I want to find whether there is a particular hour when the author should publish the documents online to get maximum views/reads.
Data looks something like this -
| Document ID | Published Date | Read Date |
|---|---|---|
| 1 | 1/1/2022 10:00:00 | 1/1/2022 11:00:00 |
| 1 | 1/1/2022 10:00:00 | 1/1/2022 12:00:00 |
| 1 | 1/1/2022 10:00:00 | 1/1/2022 11:05:00 |
| 1 | 1/1/2022 10:00:00 | 1/1/2022 15:05:00 |
| 2 | 1/2/2022 11:00:00 | 1/2/2022 19:05:00 |
| 2 | 1/2/2022 11:00:00 | 1/3/2022 20:05:00 |
| 4 | 1/3/2022 23:04:00 | 1/4/2022 11:05:00 |
| 4 | 1/3/2022 23:04:00 | 1/4/2022 23:11:00 |
Note - The documents with same document id have the same published date.
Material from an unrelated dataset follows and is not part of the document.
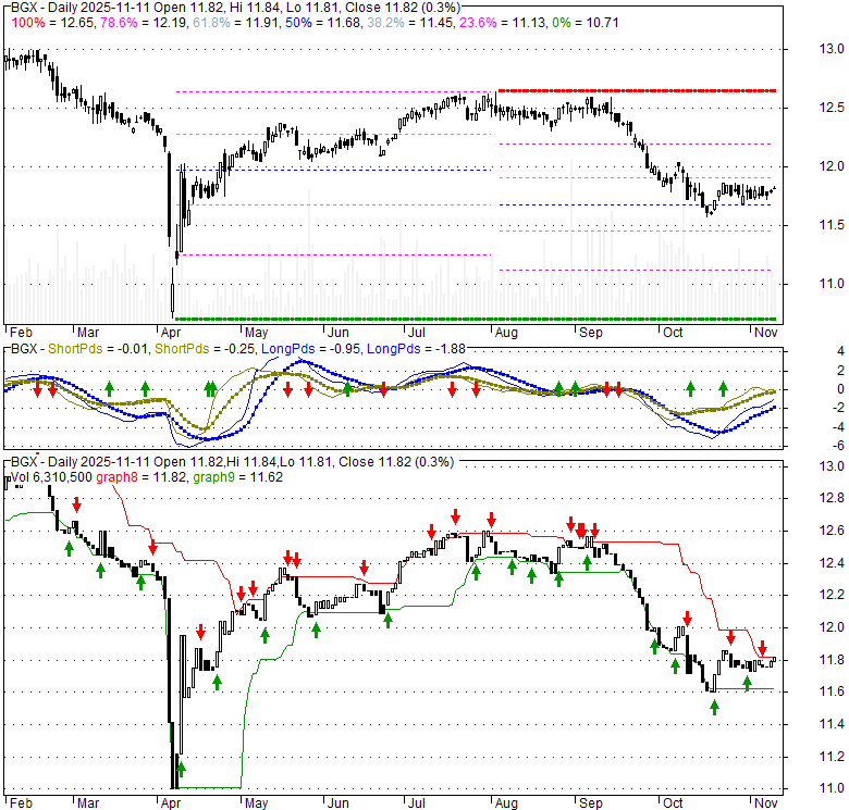 Price has closed above its short-term moving average. Short-term moving average is currently below mid-term; and below long-term moving average. From the relationship between price and moving averages: This stock is NEUTRAL in short-term; and BEARISH in mid-long term.[ BGX ] has closed below upper band by 25.3%. Bollinger Bands are 60.1% narrower than normal. The narrow width of the bands suggests low volatility as compared to its normal range. The bands have been in this narrow range for 1 bars. This is a sign that the market may be about to initiate a new trend.

Read date represents the active date and time of the users, and published date represents the date and time of the authors when they mostly publish the documents.
Since, both the columns are dates, How should I use the correlation and time series analysis to get to a conclusion. Should I make the data stationery first? There is a pattern in the read date as in more readers are active in the morning and afternoons as compared to night.